It should feel overwhelming. Considering all of this conditionality and the possibility of values being null is important and the markers are showing you what the code does which is nontrivial logic that is usually expressed much more verbosely in Python using at least an indented block.
Your suggestion was something like
x = maybe a.b.c.d.e
with the expectation that any part of the expression could fail. If I have to review or read this code this I should see it as:
x = a?.b?.c?.d?.e
There are four possible ways that something can be missing. I have to consider all four of those cases to understand how this code interacts with the state of object a. I also have to wonder if the author of the code considered those 4 possible ways. Most likely only one of them is relevant and I would much rather see which one:
x = a.b?.c.d.e
Now it is possible that b is present or missing but there are only two cases to consider. It is clear here that the author has singled out b and that is the reason that they did not just use normal attribute access for the whole expression. If I want to understand why this is there then I can go and think about why b might be missing and what that means in the context of the whole program/operation and whether or not setting x to None is reasonable in that case. I do not need to go and investigate whether c, d or e could ever be missing.

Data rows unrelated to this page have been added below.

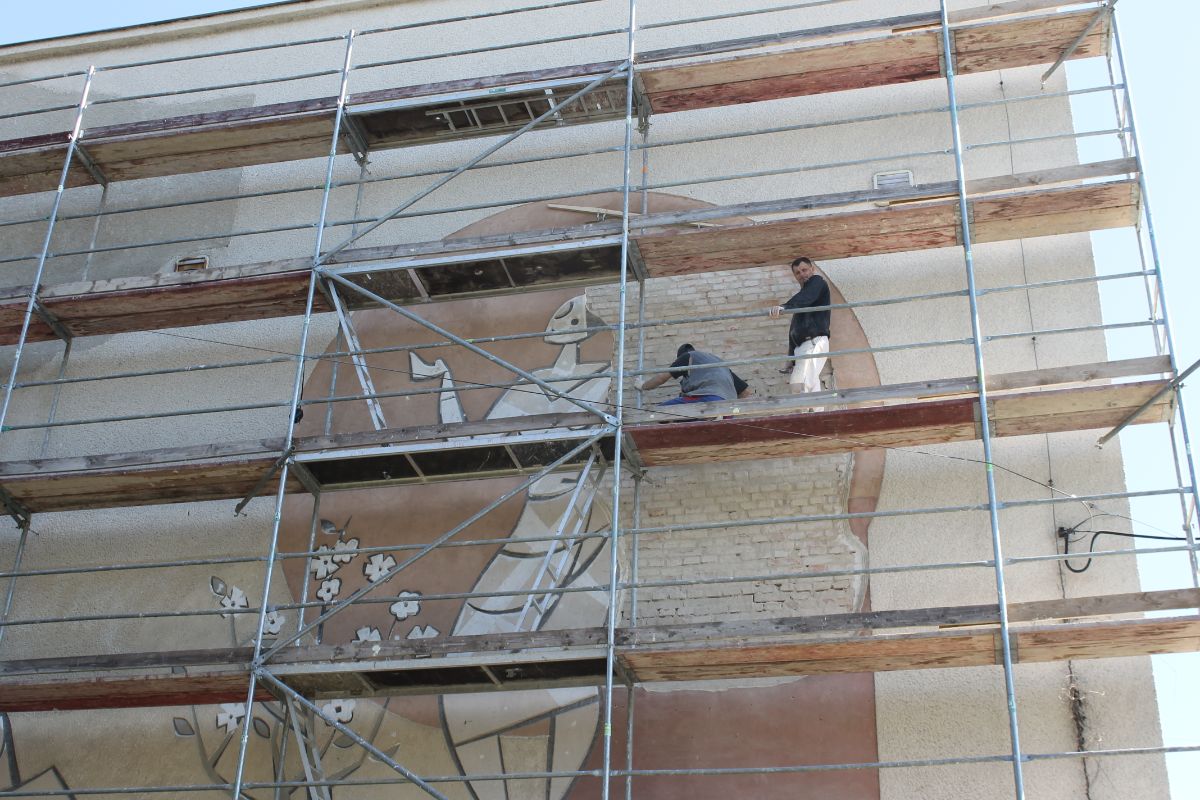 Dlhodobo chátrajúca freska na budove KaSS dostáva lepší vzhľad
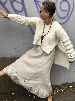 Are you looking for easy knitting project? Yes, you really can knit the “Dressed in White Tunic-Sweater” without a tricky pattern. It is worked in one piece, sideways, using circular needle, starting by knitting a sleeve cuff and ending with the other one. The “Dressed in White Tunic-Sweater” features a neat V neckline, asymmetric hemline, slit sides, dropped shoulders and long sleeves. It is knitted in a Nupp (bobble) and dropped stitch patterns. The sweater needs just minimal seaming, when completed: sleeves and part of sides are seamed, leaving long side splits. SKILL LEVEL: Intermediate. MATERIALS REQUIRED: 9 x 50g balls (1260m or 1377yds) using Drops alpaca boucle 0100 colour shade. NB If you substitute another yarn, please check gauge (tension) and yardage. 1 Circular needle 7.00mm x length 100cm (US -). 1 Tapestry needle.
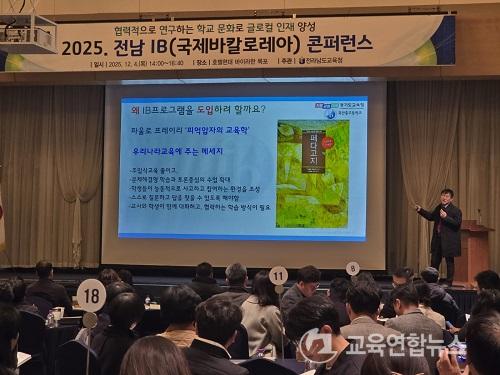 ±è¿µ±æ ±Û·ÎÄù̷¡±³À°°úÀåÀº ¡°IB ÇÁ·Î±×·¥ ¿î¿µÀ» À§Çؼ´Â Çù·ÂÀûÀ¸·Î ¿¬±¸ÇÏ´Â Çб³ ¹®È Á¶¼ºÀÌ Áß¿äÇÏ´Ù.¡±¸ç ¡°Àü³² Áö¿ª IB ¿î¿µ Çб³»Ó ¾Æ´Ï¶ó ÀÏ¹Ý Çб³¿¡¼µµ Çлý ¼ºÀå Áß½ÉÀÇ ¼ö¾÷ Çõ½ÅÀ» À§ÇÑ Çù·ÂÀûÀ¸·Î ¿¬±¸ÇÏ´Â Çб³¹®È°¡ È®»êµÇ±â¸¦ ±â´ëÇÑ´Ù¡±°í ¸»Çß´Ù.
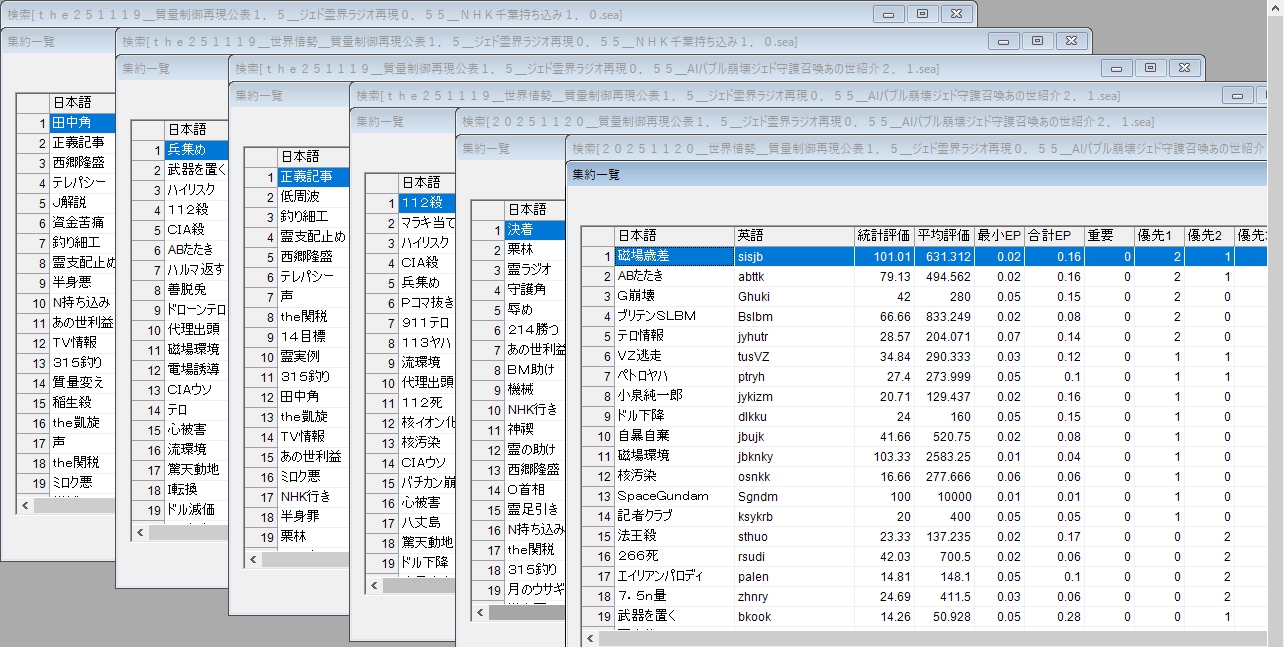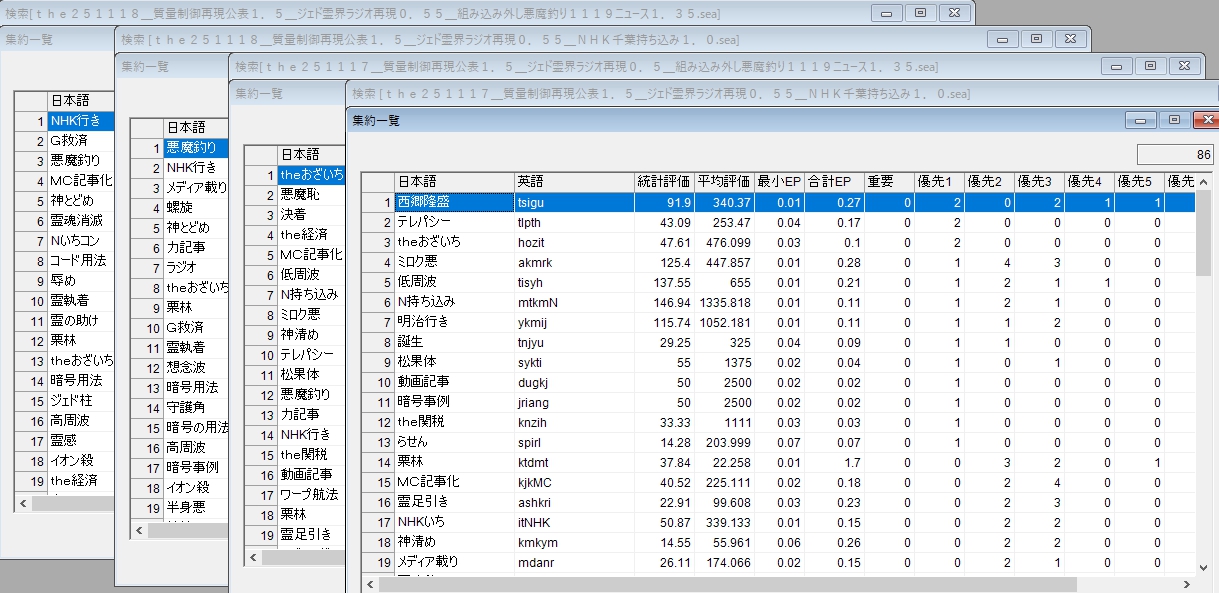 これだと19日は組み込みを外す事が重要だった様子に見えるので、それ以外の重要な数値で検討する。主に知りたいのは、11月23日以降に見える気がする秋田の聖母マリア様の登場時期です。
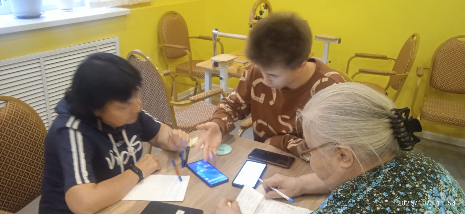 С началом учебного года в Центре дневного пребывания снова возобновились курсы по освоению гаджетов людьми пожилого возраста. Наши волонтеры-студенты математического факультета ВГУ с удовольствием приступили к обязанностям учителей, стараясь помочь разобраться с самыми непонятными для многих ситуациями с мобильными телефонами и планшетами. А ведь в современной жизни это необходимость. Особое внимание уделяется умению вызвать со смартфона жизненно важные службы помощи, заказать продукты и лекарства на дом при плохом самочувствии. И очень востребованным является вопрос, конечно, про фотографии в телефоне.
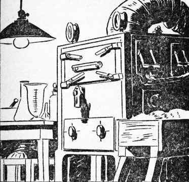 The next few days Tom was so busy that he gave only an occasional thought to his loss. Analysis of the sample cut from the meteorite showed that it was even richer than he had hoped in the new substance, X. Immediately he telegraphed a large science supply house for huge flasks, beakers, retorts and other paraphernalia necessary to extract and refine the material.
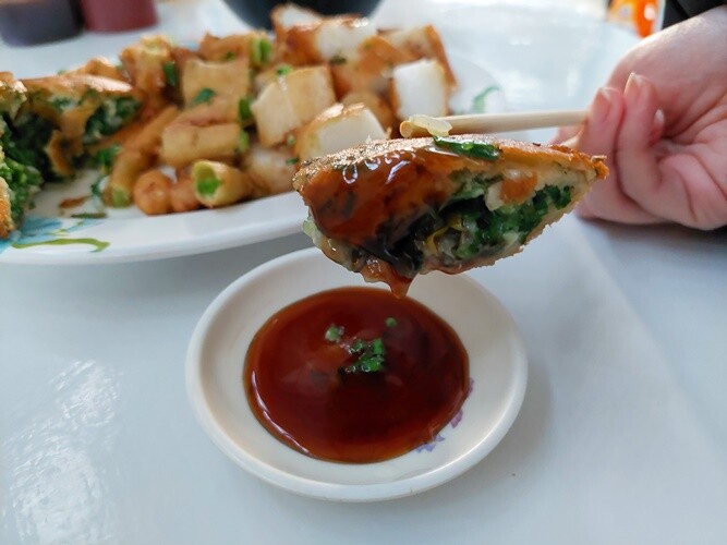 蘿蔔糕推薦必點,外層有薄薄的脆皮,沾上醬油膏就很好吃

The fact that a missing attribute or an unchecked None leads to some kind of error at runtime (and in static typing) is generally a good thing because it shows you where there are bugs: you want the AttributeError if the attribute is not there and the fix is usually fixing a typo or adding the attribute or something.

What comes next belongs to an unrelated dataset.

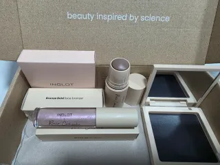 Lote de maquillaje que incluye dos coloretes/iluminador líquidos, una paleta de colorete y dos esponjas. Todo nuevo
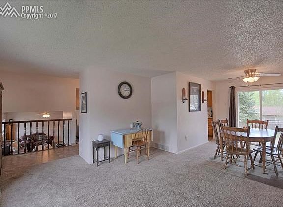Lovely 3bed, 3bath, 3-level home w/ beautiful curb appeal. Fresh exterior paint & new landscaping. Main level sizeable living & dining rooms are carpeted w/ a walk-out to large back yard & patio. Great views of Pikes Peak Kitchen has updated counters & new stainless appliances w/ pantry. Upstairs features master bedroom, ¾ bath & new shower. 2 more beds & upgraded full bath. Spacious lower level has L-shaped family room w/ area for office, tv watching & room to snuggle up to roaring fire, laundry & 1/2 bath.

I would expect maybe to be a magnet for people to write code that fails in unexpected ways like:
- You add
maybebecausebmight be missing. - Later on a bug appears and now
cis sometimes missing but it goes unnoticed. - Now the wrong code path is taken for many objects that do have a valid
b.
This is precisely analogous to having an overly broad try/except that either catches too many exception types or has too much code in the try block. At least if you review code like
x = a?.b?.c?.d?.e
then you can ask the author to justify the question marks and remove most of them.
With maybe I would expect never ending arguments where I tell someone not to use it because it is not correct and is a bug magnet but the alternative is more verbose and they desperately want the conciseness of maybe. It is not good to create this tight contention between correctness vs conciseness/elegance/etc.